[Stored items]
##############################
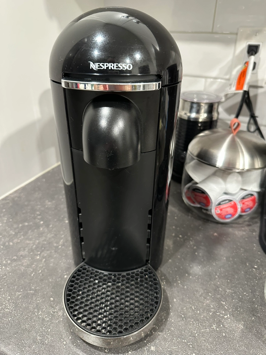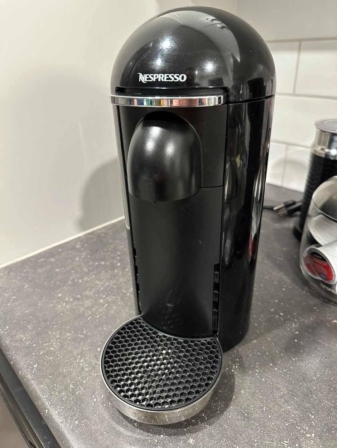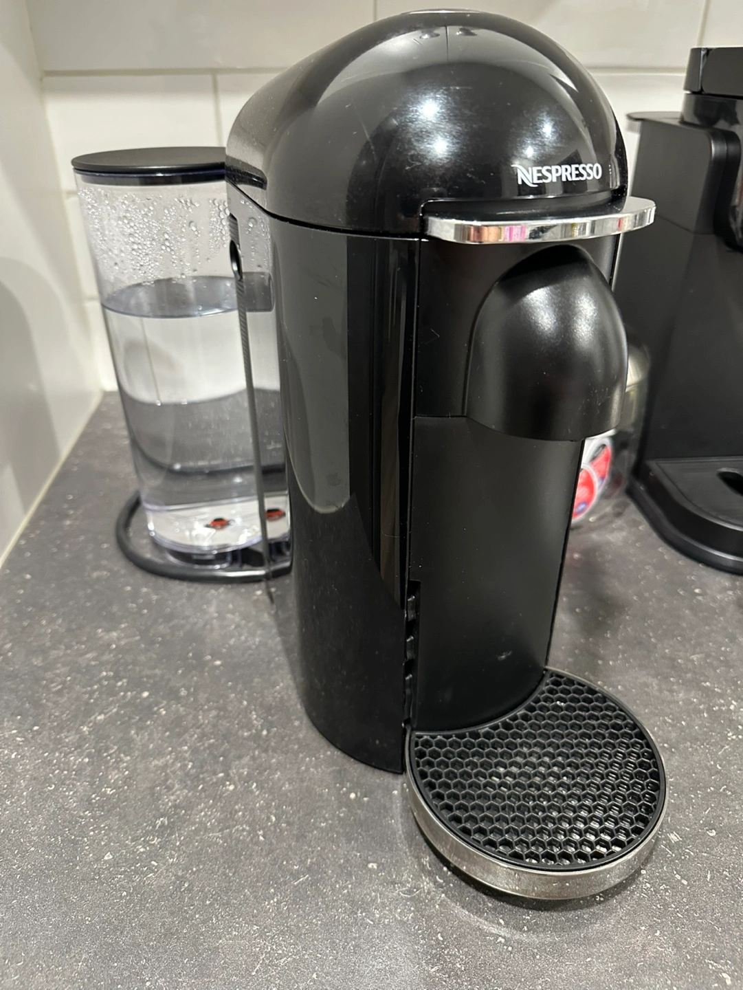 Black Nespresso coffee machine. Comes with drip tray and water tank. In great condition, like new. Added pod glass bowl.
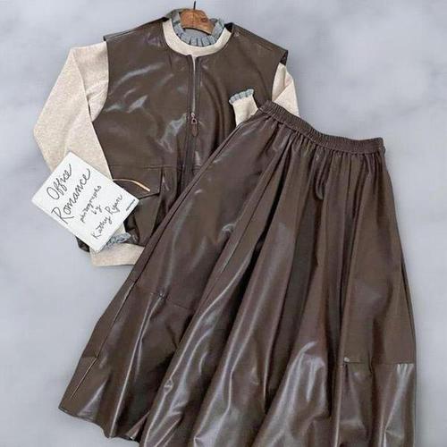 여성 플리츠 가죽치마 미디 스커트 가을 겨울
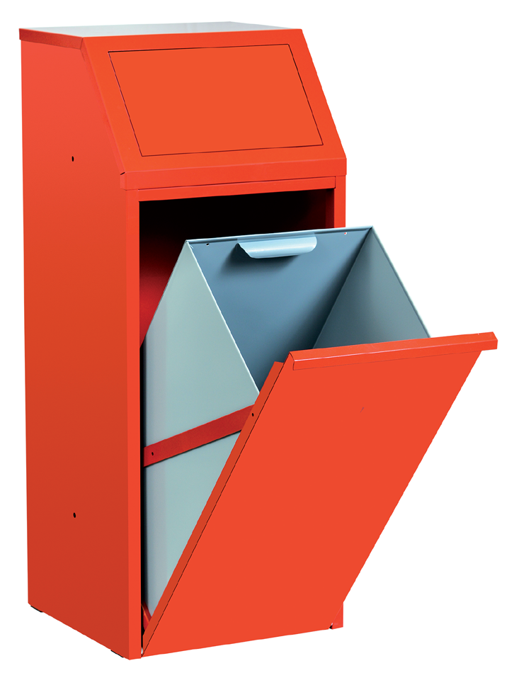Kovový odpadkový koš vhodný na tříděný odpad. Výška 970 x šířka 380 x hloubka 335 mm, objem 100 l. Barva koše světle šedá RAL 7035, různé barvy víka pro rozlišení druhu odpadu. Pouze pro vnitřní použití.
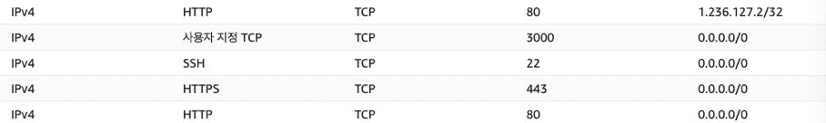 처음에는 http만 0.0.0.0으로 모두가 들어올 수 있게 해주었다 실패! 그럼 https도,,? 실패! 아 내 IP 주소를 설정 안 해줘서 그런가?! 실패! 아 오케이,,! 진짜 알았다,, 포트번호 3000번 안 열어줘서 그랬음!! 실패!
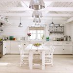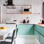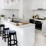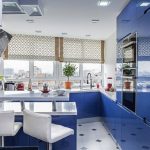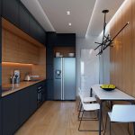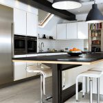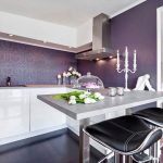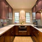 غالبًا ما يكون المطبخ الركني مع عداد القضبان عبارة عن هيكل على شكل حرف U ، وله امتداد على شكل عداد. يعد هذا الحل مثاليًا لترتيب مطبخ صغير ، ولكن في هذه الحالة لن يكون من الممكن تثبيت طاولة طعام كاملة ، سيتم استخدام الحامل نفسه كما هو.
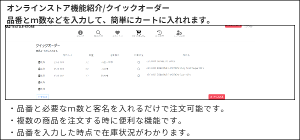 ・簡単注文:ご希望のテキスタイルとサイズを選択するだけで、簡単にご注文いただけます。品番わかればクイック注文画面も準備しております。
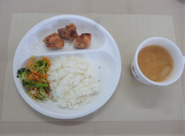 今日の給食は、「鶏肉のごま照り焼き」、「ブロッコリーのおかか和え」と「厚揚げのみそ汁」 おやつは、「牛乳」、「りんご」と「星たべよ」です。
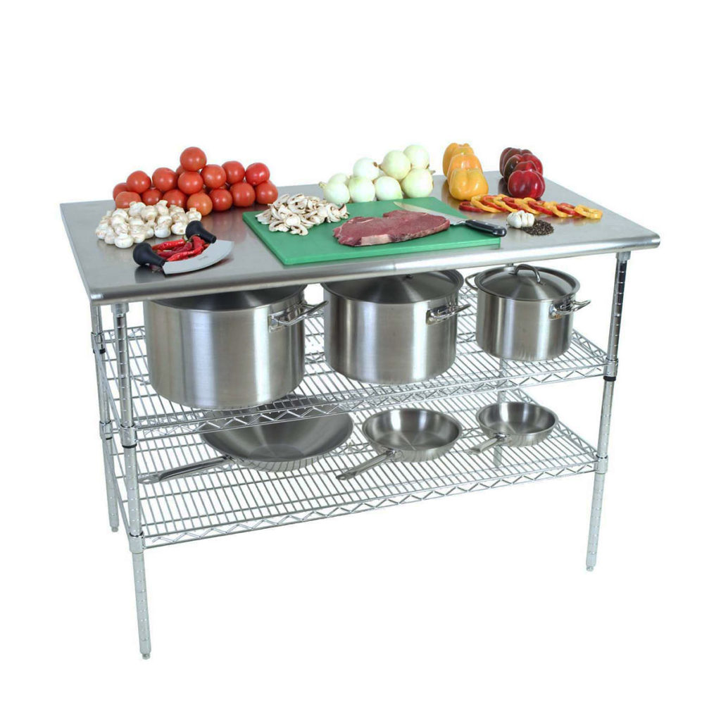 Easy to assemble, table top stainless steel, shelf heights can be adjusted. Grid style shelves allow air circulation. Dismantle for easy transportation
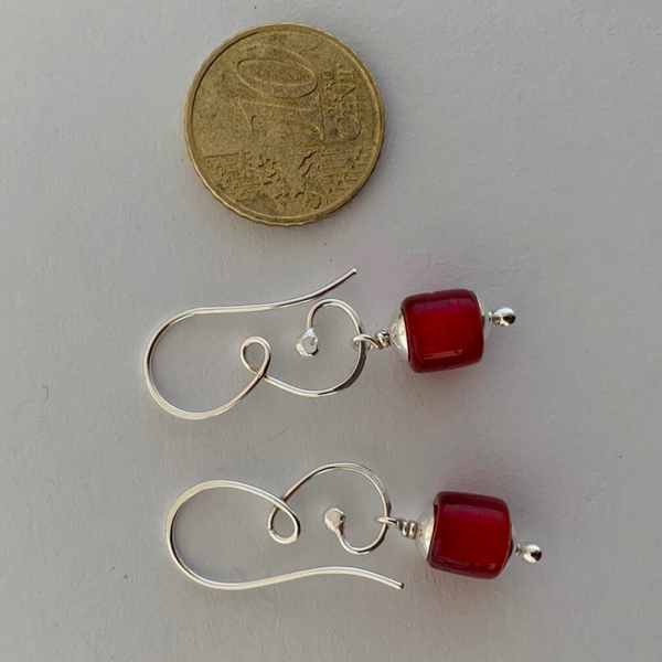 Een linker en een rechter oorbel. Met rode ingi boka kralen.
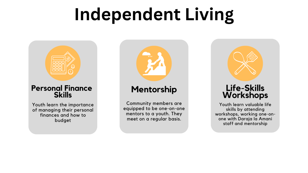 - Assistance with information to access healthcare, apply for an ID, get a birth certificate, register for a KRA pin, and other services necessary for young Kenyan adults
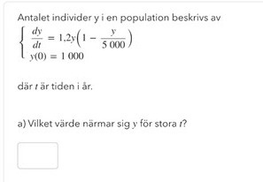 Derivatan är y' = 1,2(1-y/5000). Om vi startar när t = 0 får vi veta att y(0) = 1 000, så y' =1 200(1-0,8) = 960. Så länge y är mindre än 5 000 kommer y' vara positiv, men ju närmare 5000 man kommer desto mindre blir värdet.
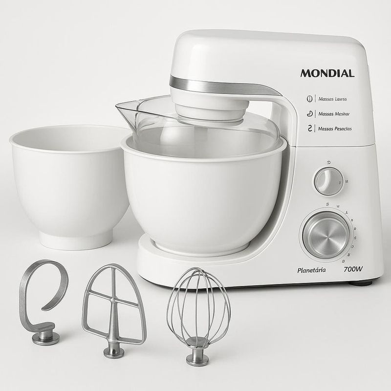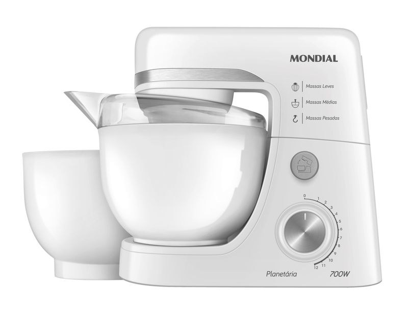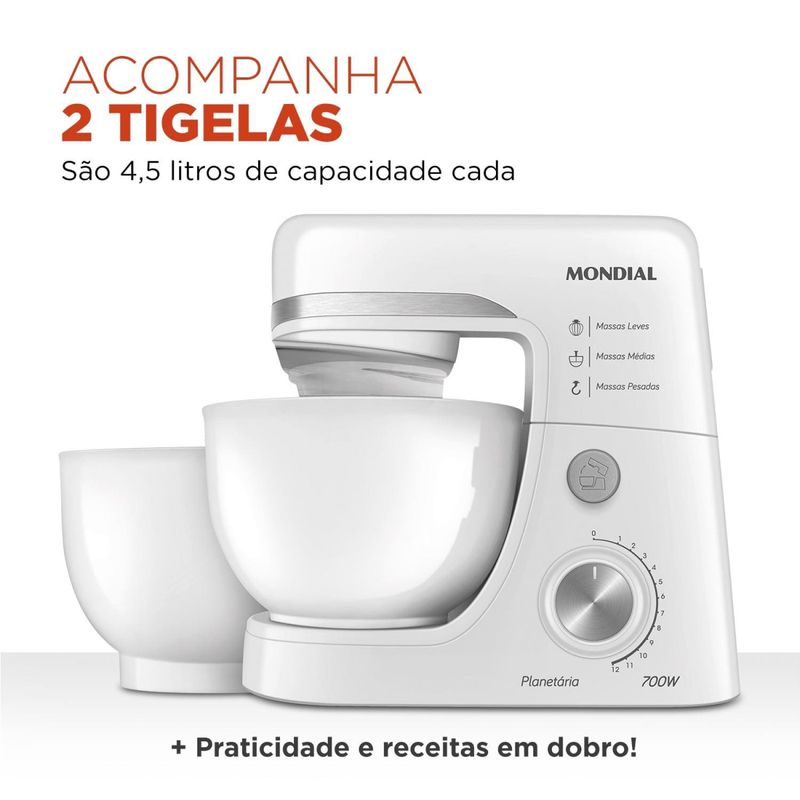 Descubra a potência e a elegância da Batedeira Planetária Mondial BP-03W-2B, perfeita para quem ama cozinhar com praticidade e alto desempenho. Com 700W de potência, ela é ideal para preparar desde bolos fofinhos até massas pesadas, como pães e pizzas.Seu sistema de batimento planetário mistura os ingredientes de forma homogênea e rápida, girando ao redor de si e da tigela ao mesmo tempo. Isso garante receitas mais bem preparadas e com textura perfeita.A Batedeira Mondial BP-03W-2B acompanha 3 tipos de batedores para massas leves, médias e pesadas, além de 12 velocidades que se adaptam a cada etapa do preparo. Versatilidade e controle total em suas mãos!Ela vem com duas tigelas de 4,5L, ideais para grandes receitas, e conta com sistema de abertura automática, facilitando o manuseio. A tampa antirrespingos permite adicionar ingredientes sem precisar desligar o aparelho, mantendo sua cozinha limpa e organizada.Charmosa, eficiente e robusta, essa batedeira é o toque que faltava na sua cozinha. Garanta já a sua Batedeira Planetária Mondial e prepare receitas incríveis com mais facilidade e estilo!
##############################
» What the task asks
For the data above, set down exactly the lines from the line with "غالبًا ما يكون" to the line with "今日の給食は、「鶏肉のごま照", both included, leaving pictures out.

» Solution to this exercise
 غالبًا ما يكون المطبخ الركني مع عداد القضبان عبارة عن هيكل على شكل حرف U ، وله امتداد على شكل عداد. يعد هذا الحل مثاليًا لترتيب مطبخ صغير ، ولكن في هذه الحالة لن يكون من الممكن تثبيت طاولة طعام كاملة ، سيتم استخدام الحامل نفسه كما هو.
 ・簡単注文:ご希望のテキスタイルとサイズを選択するだけで、簡単にご注文いただけます。品番わかればクイック注文画面も準備しております。
 今日の給食は、「鶏肉のごま照り焼き」、「ブロッコリーのおかか和え」と「厚揚げのみそ汁」 おやつは、「牛乳」、「りんご」と「星たべよ」です。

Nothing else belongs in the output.